General Terms and Conditions of Use

1. Definitions:
(a)Customer" is the person or organization who receives
services from the "Company".
(b)"Company" offering services to the Customer is Canada
Internet Direct Inc. at 1050 - 555 West Hastings Street,
Vancouver, B.C., V6B 4N6.

2. Service: Subject to all of the terms and conditions
herein provided the Company agrees to provide to the
Customer reasonable access to the Internet as determined by
the Company from time to time.

3. Personal Web Page: A personal web page can be made
available by the Company upon request, for the Customer to
create and use his or her own personal homepage for the
transmission of information to others over the Internet.
This service is restricted to personal use only and excludes
commercial use.

4. Manner of Use: In using the service, the Customer agrees
to use the service in a courteous and cooperative manner,
and so as not to abuse the service or the custom and user
etiquette in place from time to time respecting the use of
the Internet, and so as not to violate or affect the rights
of others, including, but without limitation, that the
Customer agrees not to use the service so as to violate the
law, or to misuse the proprietary information or property of
others for his or her own purposes or otherwise, and not to
make publications which are threatening or defamatory or
otherwise injurious to the business or reputation of others.

5. Term: This Agreement is for an initial term of one month
(prepaid) which shall automatically renew each month for a
further month unless terminated by the Customer or the
Company. Five days' written notice prior to the end of the
term must be given by the Customer for termination. Two
weeks' notice prior to the end of the term will be given by
the Company for termination without cause. No refunds will
be given for partial terms, or the initial registration fee.

6. Termination by Company for Customer's Breach: In the
event that the Customer breaches this Agreement, the Company
may terminate this Agreement and the service to the Customer
immediately for cause, in which event the Company will
notify the Customer and allow 48 hours continued access by
the Customer, to receive incoming e-mail messages only.

7. Payment Terms: The Customer agrees to pay the Company for
the services provided in advance, in the amount published by
the Company from time to time as its current fee amount for
the services provided. Payment shall be made on the 1st day
of each term by Visa, Mastercard or pre-authorized chequing.
Past due accounts will be charged interest at the rate of
the Royal Bank of Canada prime rate plus 5%. Should accounts
become past due the Company may, at its discretion,
disconnect Internet service to the Customer and thereafter
will charge a reconnection fee of $25.00 upon the Customer's
payment of the full amount then due.
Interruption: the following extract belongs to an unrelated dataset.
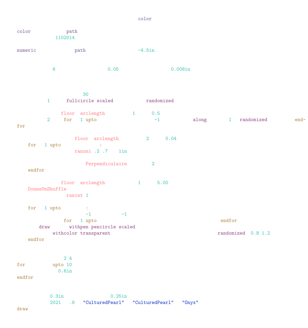 This gallery presents then creations built on a constant modus operandi: randomness. All the elements are random: colors, forms… These vector images can be created with infinite details, i.e., the number of patterns can be (almost) unlimited, and at any size (from 1x1 feet to 100x100 feet!). These creations are made in Metafun, an extension of the Metapost language.

Should the Customer not
reconnect, the Customer remains liable for the full amount
outstanding for the term.

8. No Representations or Warranties by Company: The Company
makes no representations or warranties of any nature
whatsoever, whether express or implied, with respect to the
provision and the installation and use by the Customer of
any computer programs and software and associated manuals
and information provided by the Company or on its behalf
from time to time, and with respect to the use of the
Internet access service and any other services provided by
the Company or on its behalf from time to time, including,
without limitation, any representation or warranty with
respect to the network transmission capacity of the common
carriers used by the Company, and further including, without
limitation, any representation or warranty with respect to
accuracy or quality, and the implied warranties of
merchantability and fitness for a particular purpose. All
items are supplied on an "as is" basis, and all uses are at
the Customer's own risk.

9. Limitation of Liability: In any event the Company will
not be responsible or liable to the Customer or others for
any claim, loss, damages, liability or expenses the Customer
or others may suffer or incur as a result of or arising out
of or in any way connected with the computer programs and
software or the services provided herein, or any use thereof
or interruption therein, whether through act or omission,
negligence or otherwise, and whether direct or indirect,
including, but not limited to, incidental, special,
consequential, punitive, aggravated or exemplary damages, or
loss of use, data, business, income or profits, even if the
Company has been advised of the possibility of such claim,
loss, damages, liability or expenses by the Customer or
others. The Customer assumes all responsibility and
liability with respect to the content of any information
transmitted to others over the Internet including, without
limitation, information placed by the Customer on his or her
own personal homepage. The limitations on liability
contained in this Agreement shall survive the termination of
this Agreement. Without limiting the generality of the
foregoing, any determination by a court of competent
jurisdiction of liquidated damages owing by the Company to
the Customer shall be limited to one month's user fee only.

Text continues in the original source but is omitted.